His expression falls to something resembling defeat, and I shake my head, exasperated by the fact that we're even having this conversation again. I turn back around and grip the railings of the ladder, prepared to leave without him.

His voice follows me. "Do you really want to know about my past?"

I keep descending the ladder, ignoring his attempts to pull me back into the conversation. He knows the answer to that question.

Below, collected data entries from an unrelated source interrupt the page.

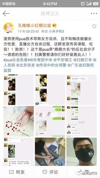 “五步陷阱”目标除了情色还有钱财 “诱惑”的课程全在网上进行,随着课程的深入,教学内容也开始讲授如何心理控制,指导学员如何让对方感情崩溃,失去理性。 除此之外,“诱惑”还教授如何使用暴力征服,“你甚至可以扇她。打了之后让她跪在那儿,可以这样调教。” 孔唯唯告诉记者,向她咨询的一名受害女性,就曾经常被PUA男友掐脖、扇脸等,最后虽离开了PUA男友,却因为这段经历患上抑郁症。 据“诱惑”自述,“五步陷阱”之后,目标除了情色,自然便是钱财了。 “榨取术,就是让女人对你进行疯狂的投资,”诱惑在讲课中,经常炫耀他榨取得到的财物。 孔唯唯说,向她求助的PUA受害女性超过150人。受到PUA伤害的女性的心理创伤几乎是不可逆的,这和普通的失恋不一样,很多受害女性会长期怀疑男性,有仇视、厌恶男性的心理,抗拒亲密关系,需要几年时间才能走出来。 与孔唯唯一起创办“小红帽”公益组织的周曼,就曾是PUA受害者。她说,自己是无意中看到“男朋友”的聊天记录,发现他不仅是PUA学员,还同时交往5个女友,云盘里存了上千张女性照片和聊天截图。 经过PUA课件对比,周曼发现“男朋友”几乎是按照课件操作,一步步让她落入陷阱。在长达半年的时间里,周曼都处于精神崩溃的边缘:无缘无故痛哭、整夜失眠、压抑焦躁;而此后两年,她对身边任何一个男生都抱着极大的排斥、怀疑心理。 导师教唆学员实施“自杀鼓励” “小红帽”公益组织也发现“诱惑”的课程中涉及“自杀鼓励”等恶劣内容,从2017年6月以来就多次在微博曝光。 “诱惑”最后的课程是“自杀鼓励”。 “诱惑”说,自杀鼓励是指通过PUA情感操控后,要让目标有愿意为你死的冲动。 在其传给记者的课件中,就有教授学员如何操控对象自杀的内容。“这样做了之后只会让我们感情更好。”导师在群里说。 向孔唯唯求助的PUA受害女性中,有人患上了抑郁症,有人被传染了性病,有人遭受了暴力,也有被骗了钱财,还有女孩发现自己的照片和隐私,成了PUA团队的教学资料。 “PUA从来不会关注自己的行为会给对方带来多深的伤害。”“孔唯唯说,她接触的一名名叫杨兰的女性受害者,已经有自残行为。 新京报记者联系上杨兰,她只同意用文字交流,“因为自己很久没与陌生人交流过了,紧张、害怕。” 据杨兰自述,她是2014年跟“男朋友”开始交往,但过程中她觉得自己状态不对,上网查询,发现自己的遭遇与PUA反应非常相似。 杨兰背着“男朋友”化名报名了一个PUA组织,发现课程与“男朋友”对待自己如出一辙,更让她惊心的是,这个PUA组织的很多学员,都跟她“男朋友”认识。 之后,杨兰接受了一年心理咨询,在心理咨询师的干预下,杨兰断绝了和那名男子的往来。 “四年没工作、抑郁症哭了三年,如果没做心理咨询,我觉得我根本活不了”,杨兰说,抑郁症严重的时候,她连卧室门都不出去,躺在床上什么也做不了,不吃不睡,胡思乱想。 学员孟云自称也在“诱惑”的指导下,对来北京找他的女孩实施了“控制”。当天女孩给他打了120个电话,都没接,最后女孩给他发了张割腕的图。 “当时我怕真出事,立马就去找到她,带她去医院包扎了。”孟云说,感觉这个过程很邪恶。 “‘情侣’关系让维权变得艰难” 很多PUA的行为难以简单地用法律来界定,更为“情侣”关系的存在,受害人难以通过法律手段维权。 目前,“诱惑”所建的学员群仍然存在,仍有很多学员将自己“诱骗”的聊天记录发到群中,让导师指导如何行动。 孔唯唯认为,向她咨询的150人只占PUA女性受害者总数的很小比例,更多女性不敢站出来,还有很多女性仍被蒙在鼓里。 “她们中很多人是涉世未深的学生,刚毕业参加工作的小白,对于PUA精心布置的陷阱毫无防备。”孔唯唯说,除了为受害女性提供心理疏导,还涉及法律维权问题。 但孔唯唯还认为,受害者维权同样艰难,很多PUA的行为难以用法律手段界定,PUA打着“情侣”关系的伪装,很多受害女性难以通过法律手段维权,“小红帽”能做的,更多是揭发这种丑恶现象。 为此,“小红帽”一直在网络曝光不良PUA。孔唯唯本人也经常受到PUA的恐吓、威胁。 在“小红帽”公益组织两年多的努力下,部分PUA也发生了改变。孔唯唯称,已有多家PUA或情感咨询公司,组成行业自律小组。 记者看到,这个自律小组正在撰写的约束条款包括,“禁止带有色情、暴力、传销等违法内容”,“禁止泄露隐私,包括聊天记录、照片和个人信息”。 孔唯唯总结了一套女性预防不良PUA的伤害的方法:遇到前,保持警惕;遇到时,保持清醒,采取智斗;遭受伤害,向亲人、朋友、政府有关部门(例如妇联)、相关社会组织求救。 鼓励自杀或涉故意杀人罪 法律人士称,分享群发隐私照、教授骗财骗色伎俩,甚至自杀鼓励,这不仅挑战了社会伦理,更涉嫌违法犯罪 对于类似“XX军团”PUA组织的行为,北京市京师律师事务所张新年律师表示,此类欺骗甚至鼓动他人自残的行为,显然违背了公序良俗和法律规定。一方面,对于挑战社会伦理的不端行径应给予道德上的谴责,另一方面,对于其中侵犯人身、财产权利,妨害社会管理的行为,应视情节之轻重,承担相应的法律责任。 “这个PUA组织的相关行为,构成民事侵权、治安违法乃至涉嫌数罪。”张新年律师表示,PUA组织分享与所谓“猎物”的聊天记录、床照、自残照等,传播性爱视频、图片,教
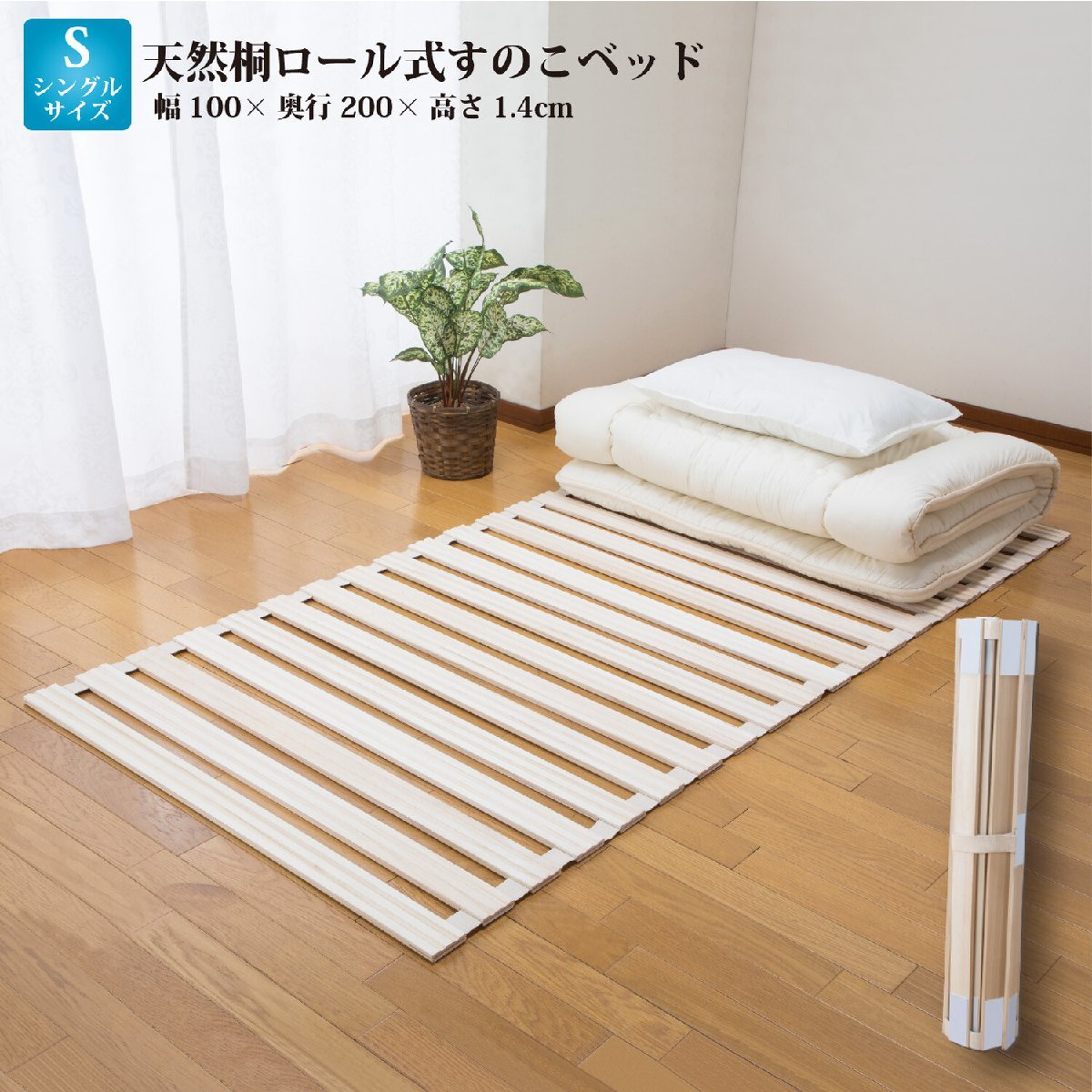 - 天然桐ロール式すのこベッド シングル LS-5(カビ対策 湿気対策 除湿 天然木 桐材 防湿)
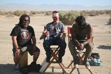 • The Rise of Reeker shot for 18 days in the dead of summer, near Death Valley. Daytime temps reached 115 degrees. Considering all the fire gags, the producers introduced the actors and crew to a new level of masochism.
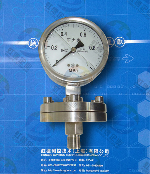 HD-YBFZ-100ML隔膜壓力表為使通用型壓力表能適用于測量強(qiáng)腐蝕、高溫、高粘度、易結(jié)晶、易凝固、有固體浮游物的介質(zhì)壓力以及必須避免測量介質(zhì)直接進(jìn)入通用型壓力儀表和防止沉淀物積聚且易清洗的場合,應(yīng)必須采用由隔膜隔離器與通用型壓力儀表組成一個系統(tǒng)的隔膜表?! ?br />
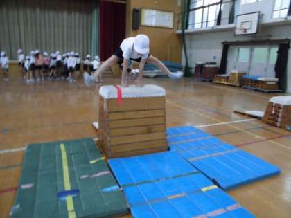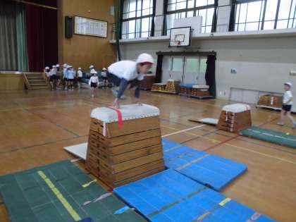 「縦開脚とび」「横開脚とび」の段数をあげて跳んでいきました。また、「横抱え込み跳び」「縦抱え込み跳び」なども挑戦してみました。

"Fine. Ask me whatever you want," he says. "But only if you promise to listen—actually listen—to my answers." I stop halfway down the ladder, wondering if he's just saying things to get me to listen to him. "If you promise to not run away from me like you did last time."

"Don't joke with me," I say, climbing up a few rungs and looking over the ledge to look at him.

"I'm not joking. I'm being serious for once in my life," he says. "Test me."

I want to leave, to show him that he can't pull these kinds of things and get away with it. But I also have countless questions that have been eating at me since I've met him. Questions only he can answer.

I step back onto the roof, keeping a significant distance between us. I start off with the most obvious one. "Tennis," I say quickly. "Why the fuck do you get so mad when I bring up tennis?"

"I've already told you. I used to play."

"We both know there's more to it. I'm not going to stay if you're just gonna give me these vague answers."

He turns, looking up toward the sky. "I played tennis from the time I had the strength to pick up a racket until I graduated high school. Fourteen years, five days a week, a couple of hours a day. On my days off, I either had conditioning or tournaments. Next question."